Goal of the exercise: Print the listing below only from the line that has "The document analyzes" through the line that has "Crispy or grilled", exactly, and drop any picture.

Records provided:
***

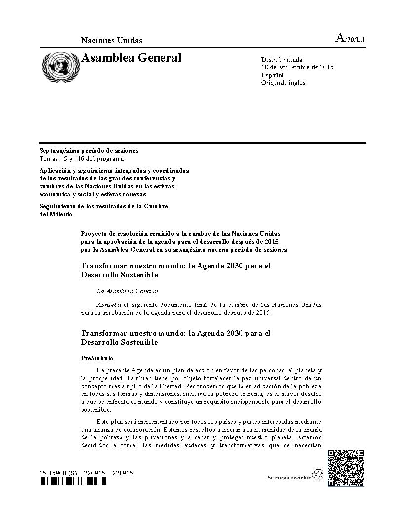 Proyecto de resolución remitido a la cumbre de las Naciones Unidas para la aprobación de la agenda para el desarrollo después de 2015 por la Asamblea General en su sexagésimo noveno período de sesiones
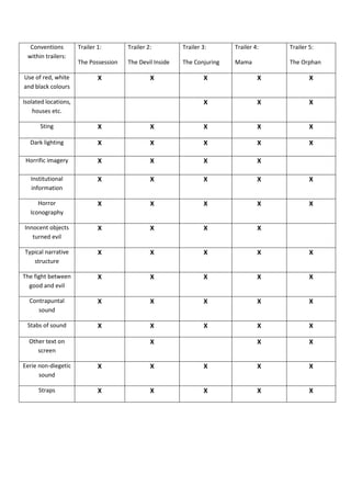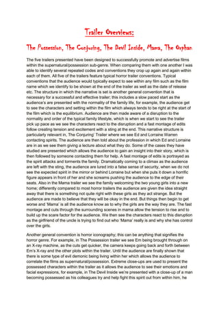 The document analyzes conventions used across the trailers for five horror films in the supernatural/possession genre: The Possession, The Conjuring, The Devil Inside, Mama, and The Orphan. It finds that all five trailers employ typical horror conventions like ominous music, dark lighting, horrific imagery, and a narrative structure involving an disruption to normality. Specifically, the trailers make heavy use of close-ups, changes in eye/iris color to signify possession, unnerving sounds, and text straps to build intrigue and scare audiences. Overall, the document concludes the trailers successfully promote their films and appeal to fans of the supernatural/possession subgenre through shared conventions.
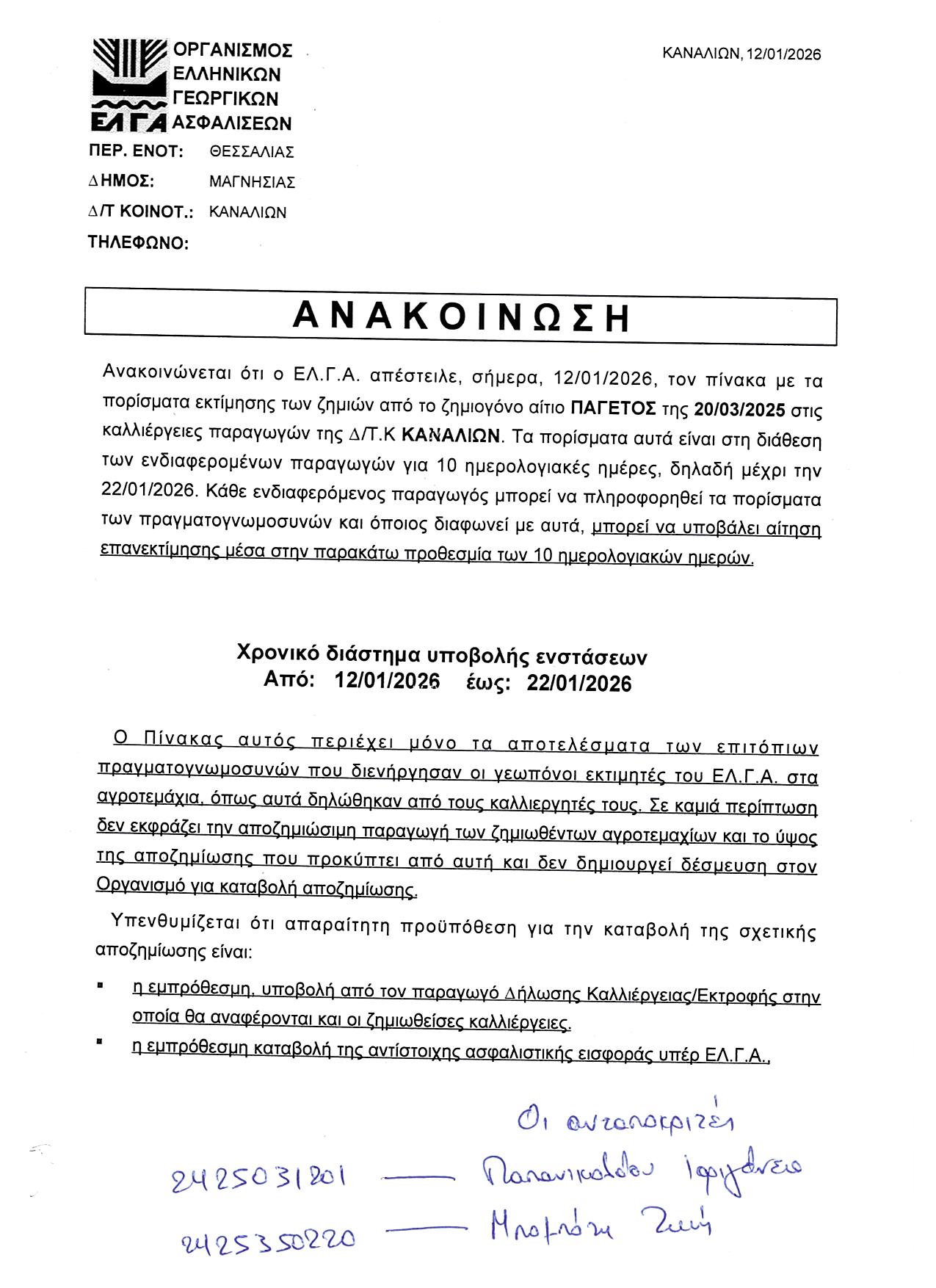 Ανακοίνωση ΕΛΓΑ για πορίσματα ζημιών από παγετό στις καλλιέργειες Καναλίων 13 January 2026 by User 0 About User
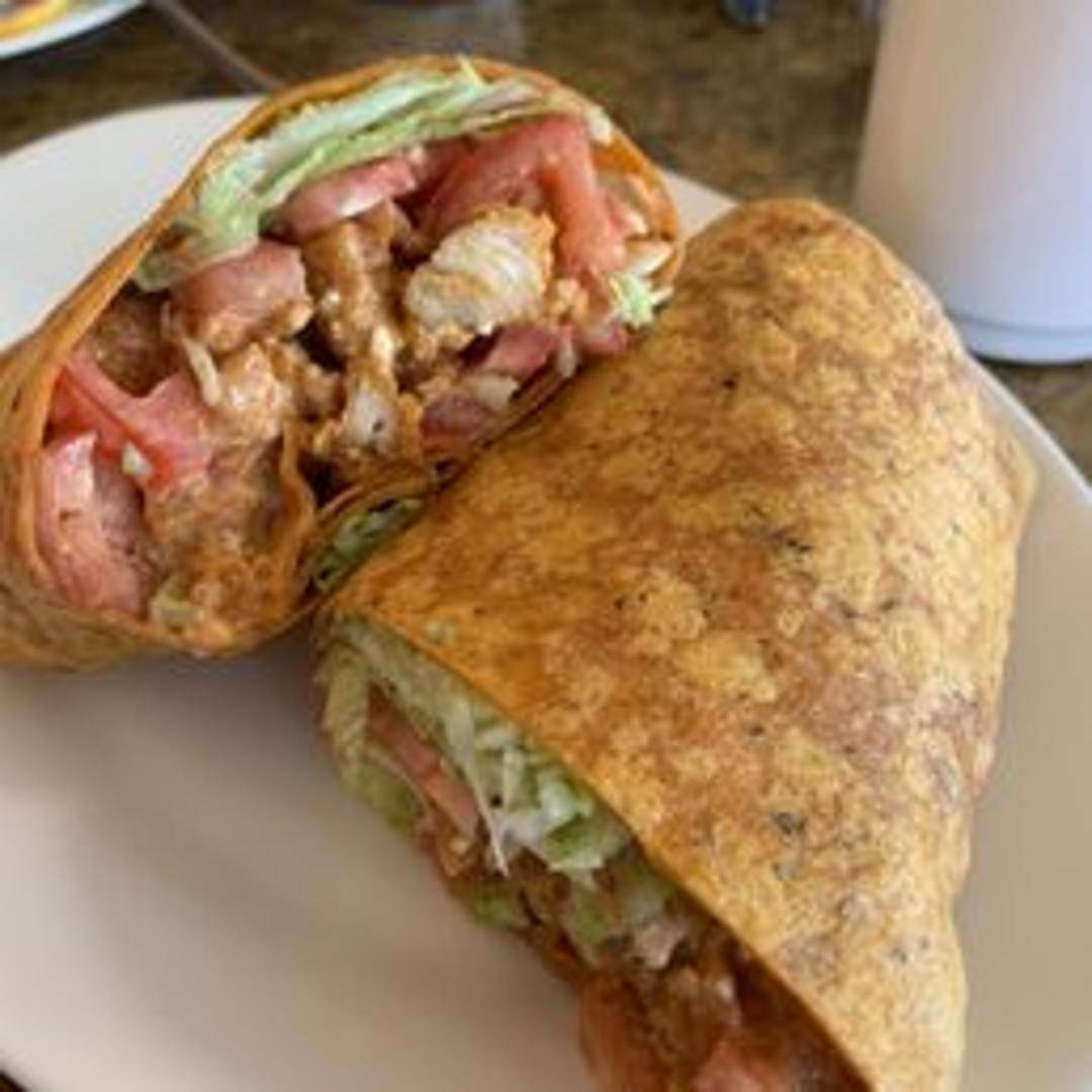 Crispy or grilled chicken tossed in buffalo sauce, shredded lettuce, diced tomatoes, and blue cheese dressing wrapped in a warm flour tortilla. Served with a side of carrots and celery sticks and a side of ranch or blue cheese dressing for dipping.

***

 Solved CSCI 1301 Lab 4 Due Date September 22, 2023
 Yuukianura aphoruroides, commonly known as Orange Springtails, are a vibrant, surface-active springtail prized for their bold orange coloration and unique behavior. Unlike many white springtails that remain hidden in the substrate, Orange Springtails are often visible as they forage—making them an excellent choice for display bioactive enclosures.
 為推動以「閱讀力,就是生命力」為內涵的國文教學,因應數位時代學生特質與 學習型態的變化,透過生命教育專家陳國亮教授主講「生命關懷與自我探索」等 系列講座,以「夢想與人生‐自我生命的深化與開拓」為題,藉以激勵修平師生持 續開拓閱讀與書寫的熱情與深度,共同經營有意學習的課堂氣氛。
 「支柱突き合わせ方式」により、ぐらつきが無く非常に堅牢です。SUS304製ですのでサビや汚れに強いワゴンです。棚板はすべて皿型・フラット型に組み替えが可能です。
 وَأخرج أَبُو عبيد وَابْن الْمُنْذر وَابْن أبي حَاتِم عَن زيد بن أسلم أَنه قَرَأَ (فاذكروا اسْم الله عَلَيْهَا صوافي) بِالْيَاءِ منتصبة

***

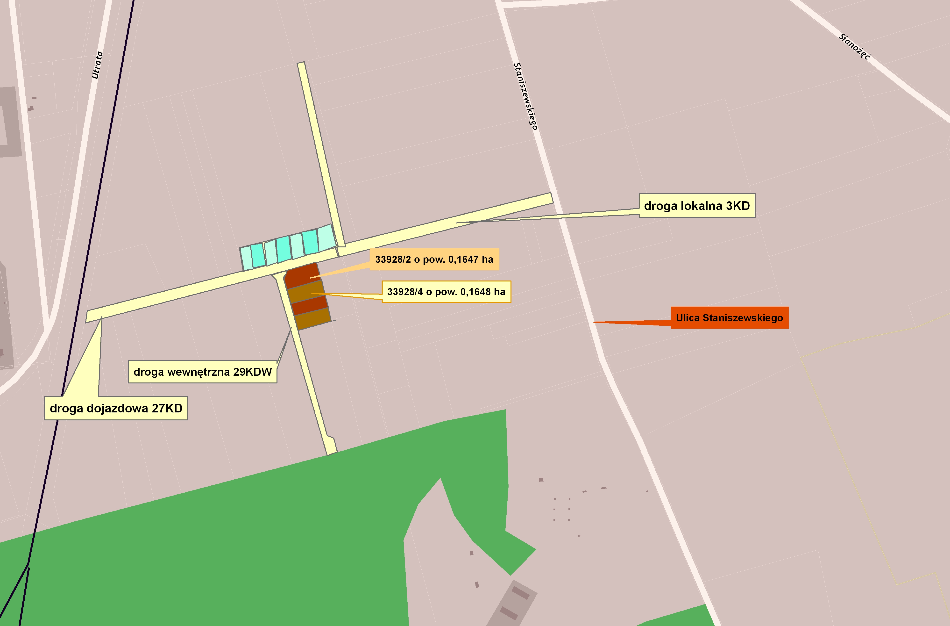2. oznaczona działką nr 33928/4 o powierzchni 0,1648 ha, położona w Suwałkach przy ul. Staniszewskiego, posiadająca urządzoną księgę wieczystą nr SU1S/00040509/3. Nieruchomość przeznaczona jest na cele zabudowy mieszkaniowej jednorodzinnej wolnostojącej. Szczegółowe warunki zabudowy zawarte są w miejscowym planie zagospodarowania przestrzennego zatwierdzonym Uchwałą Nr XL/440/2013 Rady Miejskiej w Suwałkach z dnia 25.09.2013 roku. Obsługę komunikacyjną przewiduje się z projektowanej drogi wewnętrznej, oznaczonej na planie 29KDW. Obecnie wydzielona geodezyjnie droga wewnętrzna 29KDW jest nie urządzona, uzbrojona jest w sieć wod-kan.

***

Your response:
 The document analyzes conventions used across the trailers for five horror films in the supernatural/possession genre: The Possession, The Conjuring, The Devil Inside, Mama, and The Orphan. It finds that all five trailers employ typical horror conventions like ominous music, dark lighting, horrific imagery, and a narrative structure involving an disruption to normality. Specifically, the trailers make heavy use of close-ups, changes in eye/iris color to signify possession, unnerving sounds, and text straps to build intrigue and scare audiences. Overall, the document concludes the trailers successfully promote their films and appeal to fans of the supernatural/possession subgenre through shared conventions.
 Ανακοίνωση ΕΛΓΑ για πορίσματα ζημιών από παγετό στις καλλιέργειες Καναλίων 13 January 2026 by User 0 About User
 Crispy or grilled chicken tossed in buffalo sauce, shredded lettuce, diced tomatoes, and blue cheese dressing wrapped in a warm flour tortilla. Served with a side of carrots and celery sticks and a side of ranch or blue cheese dressing for dipping.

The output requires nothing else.